Democrats object to reinstatement of citizenship question in 2020 census

by WorldTribune Staff, April 4, 2018

North Carolina has joined 11 other states in a lawsuit filed in federal court seeking to block the Trump administration from adding a question about citizenship to the 2020 census, a report said.

North Carolina Attorney General Josh Stein and 11 other attorneys general from mostly Democrat-majority states filed the suit on April 3 “alleging that demanding such information could skew actual resident numbers in states with large immigrant populations,” the Raleigh News & Observer reported.

“That could threaten the fair allocation of hundreds of billions of dollars of federal grants and funding for education, roads and infrastructure, Stein and the other attorneys general stated,” the report said. “Additionally, census data are used to redraw political boundaries – from Congress to local school boards and commissions and allocate Electoral College seats.”

Stein said in a statement: “North Carolinians pay taxes to the federal government every year. In return, they rightfully expect to receive our state’s fair share of federal funding for our roads and schools and an appropriate number of Representatives in Congress. That’s what an accurate Census provides for and why I will fight any effort to politicize it.”
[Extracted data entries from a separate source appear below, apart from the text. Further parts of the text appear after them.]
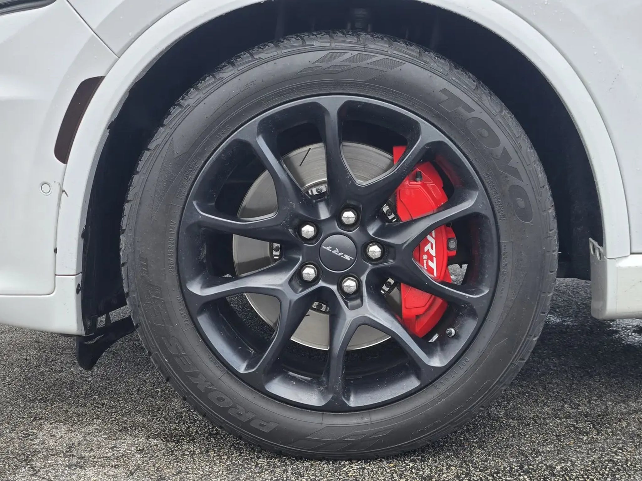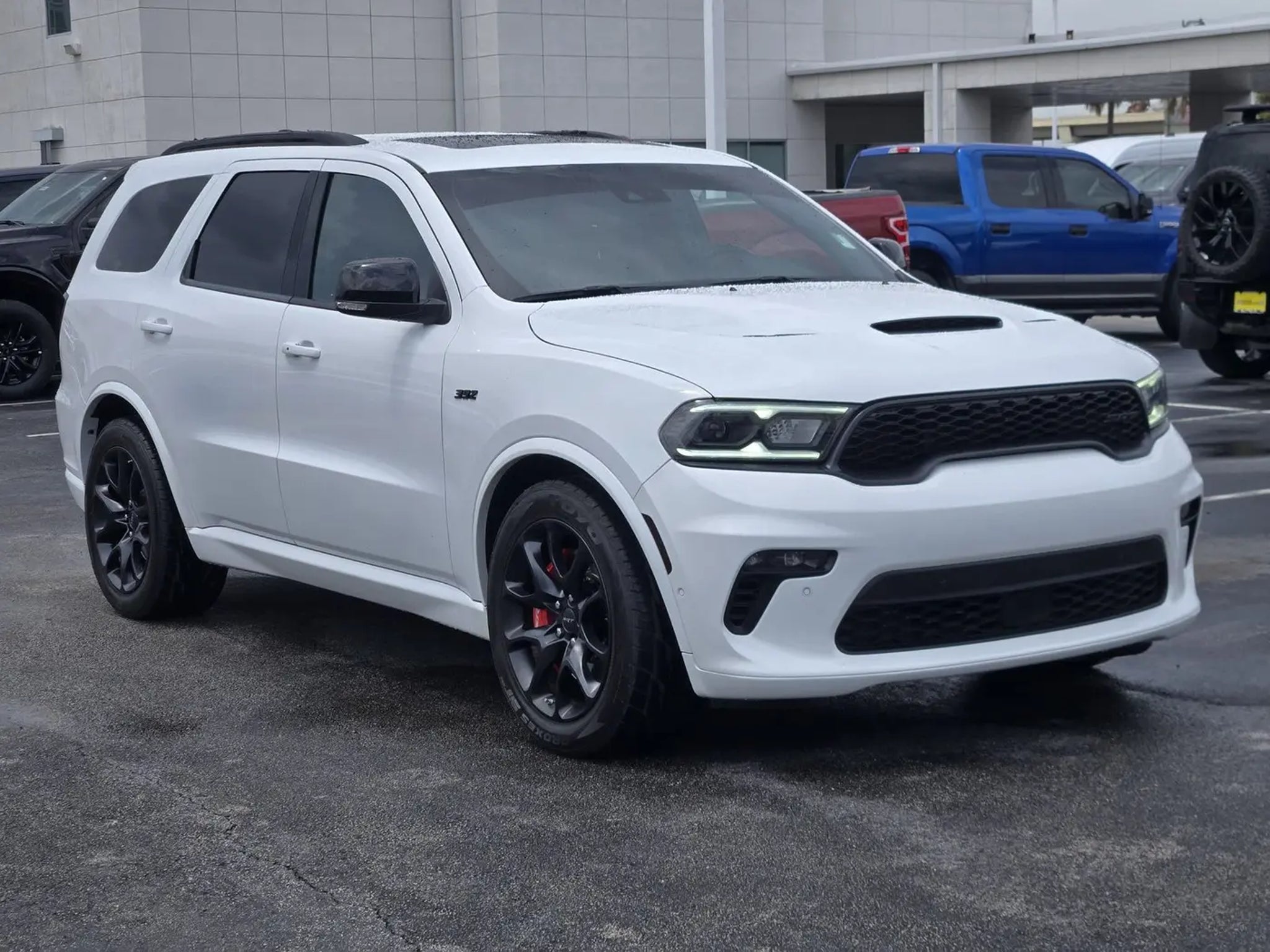 Black Package (Eclipse Black Exhaust Tip, Gray Metallic Badges, Satin Black Dodge Tail Lamp Badge, and Wheels: 20' x 10' Lights Out Aluminum), Quick Order Package 29N SRT 392 Premium (1 USB Charging Port in Console, 12V Auxiliary Power Outlet In Console, 19 harman/kardon Amplified Speakers w/Subwoofer, 2 Pc Red Brembo Front Rotor Brakes, 2nd Row Console w/Armrest Storage, 3rd Row Floor Mat Full Console, 7 4 Pin Wiring Harness, 825 Watt Amplifier, Adaptive Cruise Control w/Stop, Advanced Brake Assist, Black Roof Rails, Class IV Receiver Hitch, Forged Carbon Fiber Interior Accents, Full Speed Forward Collision Warning Plus, High Performance Laguna Leather Seats, Illuminated Rear Cupholders, Integrated Roof Rail Crossbars, Lane Departure Warning Plus, Power Sunroof, Premium Instrument Panel, Red Seat Belts, and Trailer Brake Control), Durango SRT 392, 4D Sport Utility, SRT HEMI 6.4L V8 MDS, 8-Speed Automatic, AWD, White Knuckle Clearcoat, Demonic Red/Black w/High Performance Laguna Leather Seats, 3.70 Rear Axle Ratio, 3rd row seats: split-bench, 4-Wheel Disc Brakes, 9 Speakers, ABS brakes, Air Conditioning, Alloy wheels, AM/FM radio: SiriusXM w/360L, Apple CarPlay/Android Auto, Audio memory, Auto High-beam Headlights, Auto-dimming door mirrors, Auto-dimming Rear-View mirror, Automatic temperature control, Brake assist, Bumpers: body-color, Compass, Delay-off headlights, Driver door bin, Driver vanity mirror, Dual front impact airbags, Dual front side impact airbags, Electronic Stability Control, Emergency communication system: SiriusXM Guardian, Four wheel independent suspension, Front anti-roll bar, Front Bucket Seats, Front Center Armrest w/Storage, Front dual zone A/C, Front fog lights, Front reading lights, Fully automatic headlights, Garage door transmitter, Gloss Black Exterior Mirrors, Heated door mirrors, Heated front seats, Heated rear seats, Heated steering wheel, Illuminated entry, Knee airbag, Leather Shift Knob, Leather steering wheel, Leather Trimmed Bucket Seats, Low tire pressure warning, Manufacturer's Statement of Origin, Memory seat, MOPAR Dual Stripes- Bright Blue, Navigation system: TomTom, Occupant sensing airbag, Outside temperature display, Overhead airbag, Overhead console, Panic alarm, ParkView Rear Back-Up Camera, Passenger door bin, Passenger vanity mirror, Power door mirrors, Power driver seat, Power Liftgate, Power passenger seat, Power steering, Power windows, Radio data system, Radio: Uconnect 5 Nav w/10.1' Display, Rain sensing wipers, Rear air conditioning, Rear anti-roll ba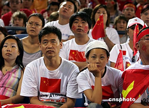 當地時間8月15日,中國男籃在雅典奧運會首輪比賽中迎戰西班牙隊,最終中國隊以大比分負于對手。圖為現場觀戰的中國球迷感到十分失望。中新社記者:任晨鳴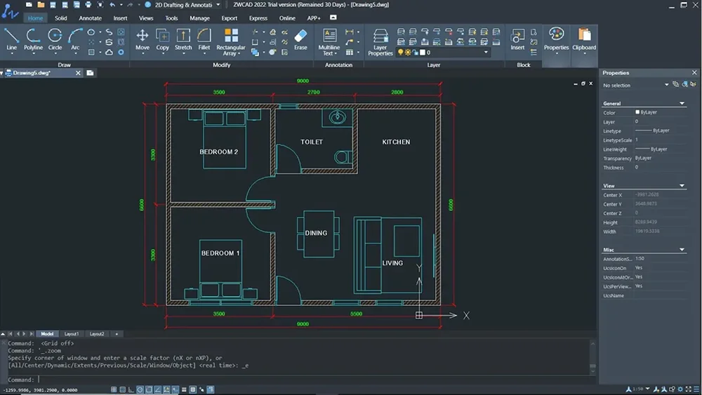 ZWCAD — это универсальная программа для черчения и подготовки 3D-моделей. Разработчики позиционируют ее как аналог AutoCAD, поэтому создали максимально похожий интерфейс. Кроме того, они предусмотрели работу с файлами DWG, благодаря чему проекты можно беспрепятственно перемещать между средами.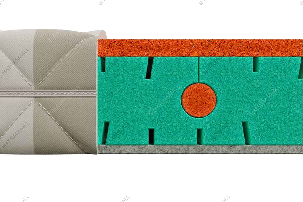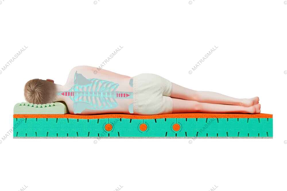 Этот матрас имеет в своей основе испанскую соевую пену Life Foam, усиленную технологией стреч-вставок «Stretch Roller» из соевой пены Viscoppper – это безопасный натуральный наполнитель, создающий эффективную анатомическую поддержку, которая на этапе взросления играет первостепенную роль для формирования крепкого и здорового позвоночника и отсутствия мышечного перенапряжения во время отдыха, а вставки способствуют лучшему распределению нагрузки на спальное место.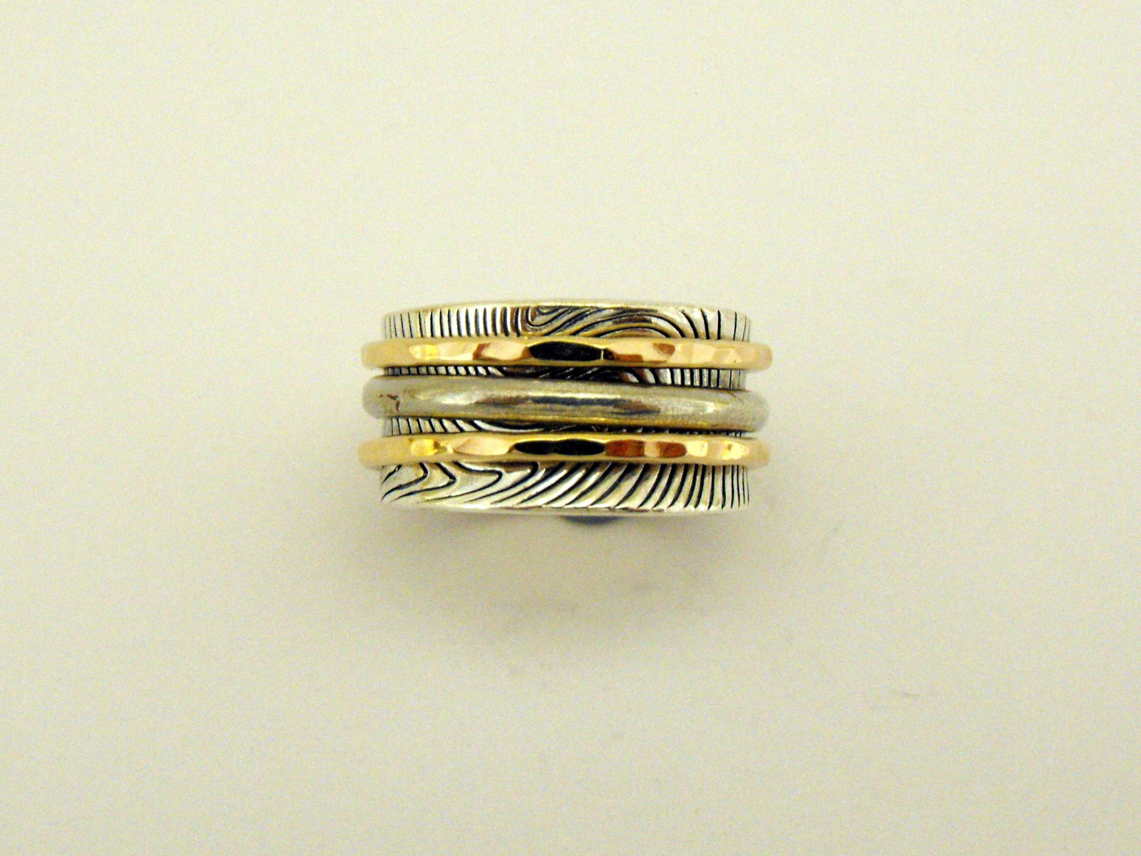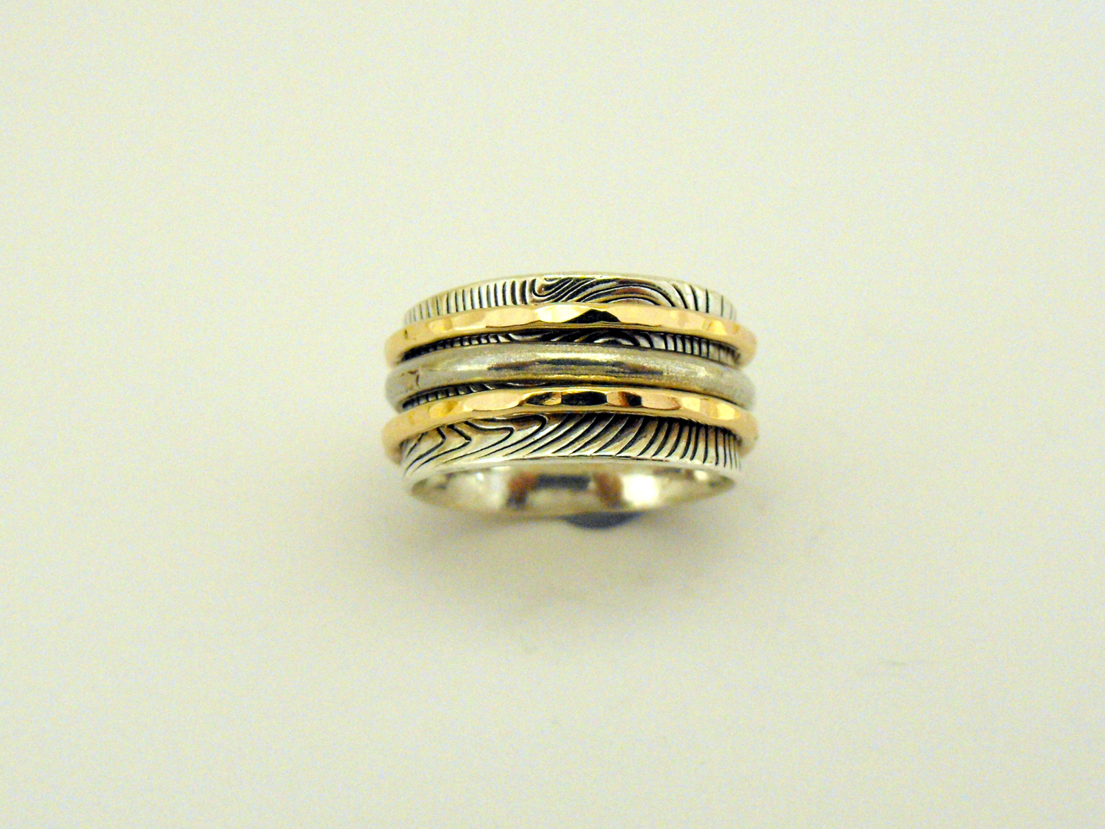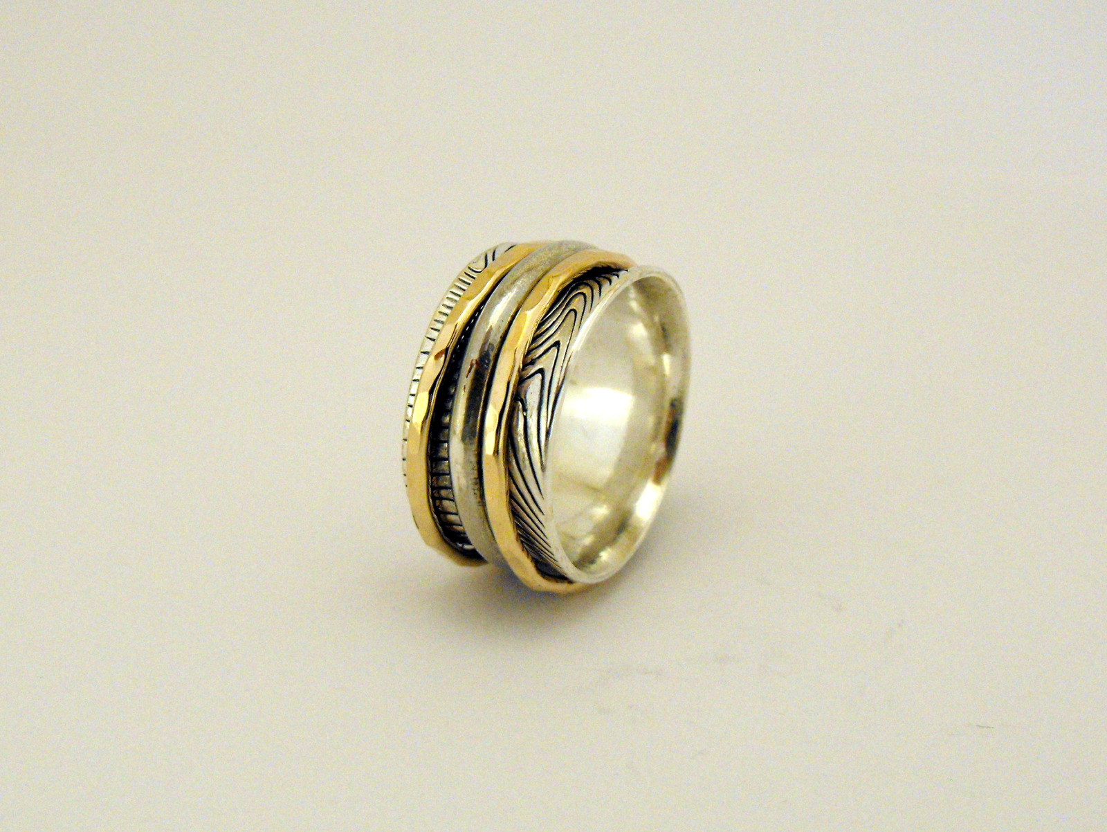 Inel moving unisex lucrat manual. Versatilitatea acestui inel vine de la combinatia de texturi si culori. Poate fi la fel de potrivit a fi purtat ca si inel sau ca si verigheta.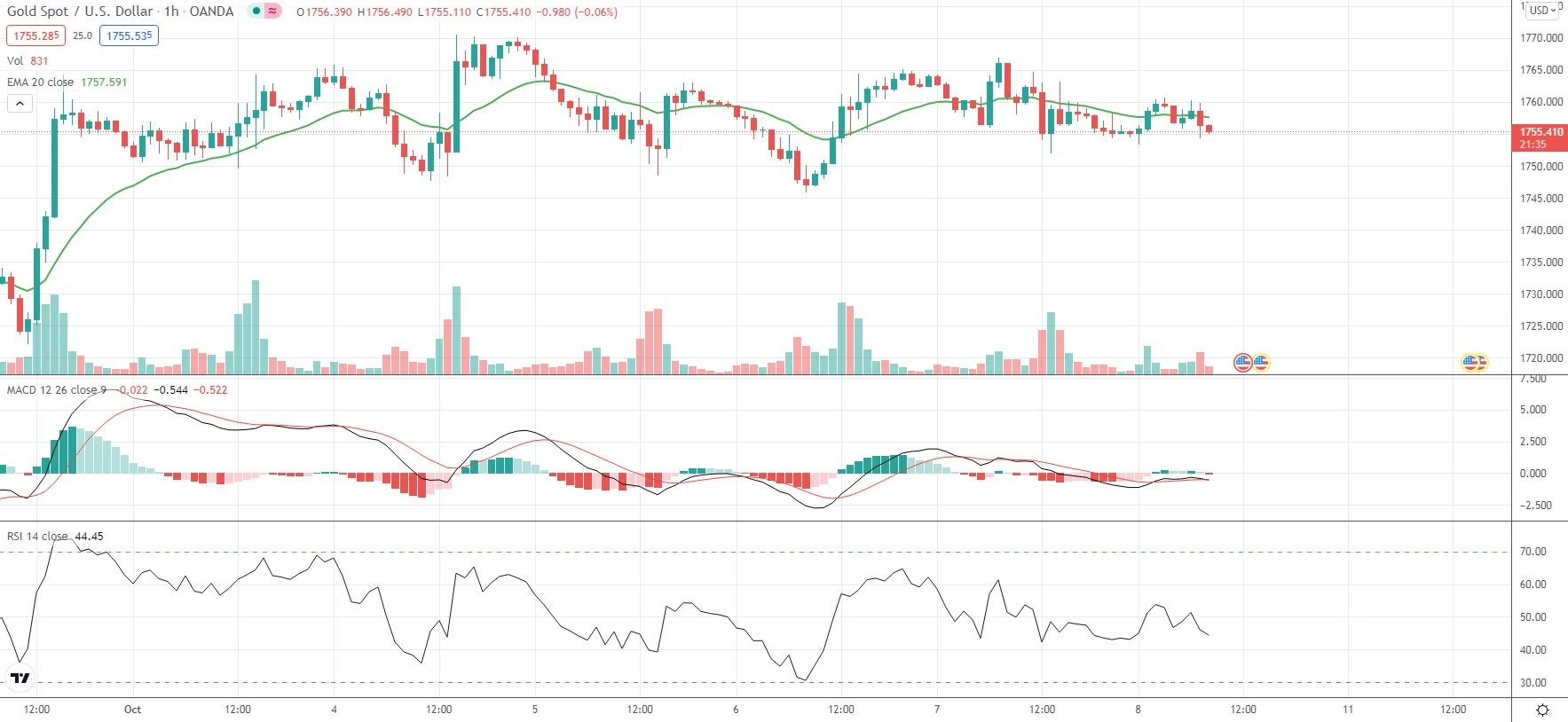 As of 8:35 GMT on Friday Spot Gold was inching up 0.02% to trade at $1,755.51 per troy ounce, while moving within a daily range of $1,753.45-$1,760.63 per troy ounce.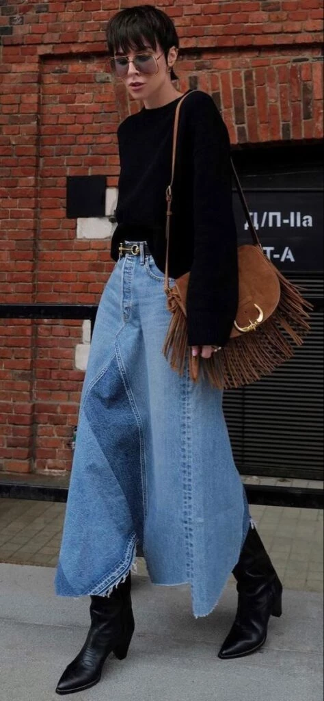 Una de las tendencias que reivindica 2000: las maxifaldas denim largas pisan con fuerza las calles y nos recuerdan a los looks de principio de siglo. Algunas las amarán y otras las odiarán, pero las vemos a ver sin parar. Se llevan con botas, zapatillas y hasta sandalias.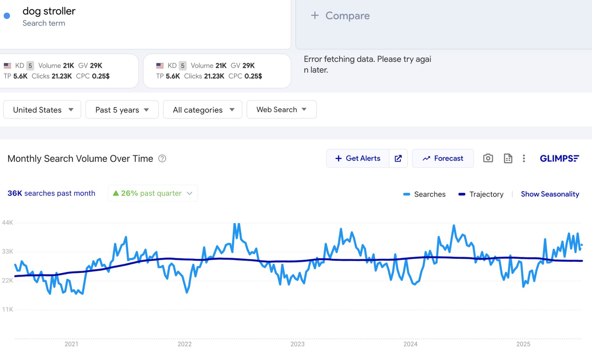What’s interesting is that despite these predictable seasonal dips, the baseline demand stays strong. Last month alone saw around 36K searches, and that’s up 26% compared to the previous quarter.

The National Review noted in an April 3 op-ed that “Some have attacked the decision on quasi-constitutional grounds. The census is principally for determining the apportionment of House representatives, and federal law requires the census to count citizens and non-citizens alike for that purpose. But it does not follow that the census must preserve public ignorance about the number of citizens. The two are not mutually exclusive, and this decision does not change the way representatives are apportioned.”

Before 1960, the decennial census asked respondents if they were citizens. After 1960, the question was included on the long-form questionnaire (issued as a supplement to the decennial survey to one in six households). In 2010, the American Community Survey replaced the long-form questionnaire, and it, too, asks the citizenship question.

Commerce Secretary Wilbur Ross on March 26 announced the citizenship question would be included on the 2020 census in order to accurately measure the portion of the population eligible to vote.

New York Attorney General Eric T. Schneiderman filed the lawsuit to block the question in the Southern District of New York.

Joining Schneiderman and Stein in the lawsuit are attorneys general from Connecticut, Delaware, Illinois, Iowa, Maryland, Massachusetts, Minnesota, New Jersey, New Mexico, Oregon, Pennsylvania, Rhode Island, Virginia, Vermont, Washington, and the District of Columbia.

The lawsuit says the new question “violates the constitutional mandate to conduct an ‘actual Enumeration’ ” of the country’s entire population, not just citizens, as well as a provision of the 1946 Administrative Procedure Act barring federal agencies from taking “arbitrary, capricious” actions.

The cities of New York City, Chicago, Philadelphia, Providence, San Francisco, and Seattle also have sued, as well as the U.S. Conference of Mayors.

The National Review noted that “Immigrants fearful of the Trump administration, the worry goes, will decline to fill out the survey, thus making the data less accurate and leading to an undercount. In addition to determining apportionment, the census affects the distribution of federal dollars and is used to enforce voting-rights laws, so it is reasonable to want its data to be as accurate as possible. But no evidence supports the claim that including the citizenship question on the census will have a significant effect on either its response rate or the reliability of its data.”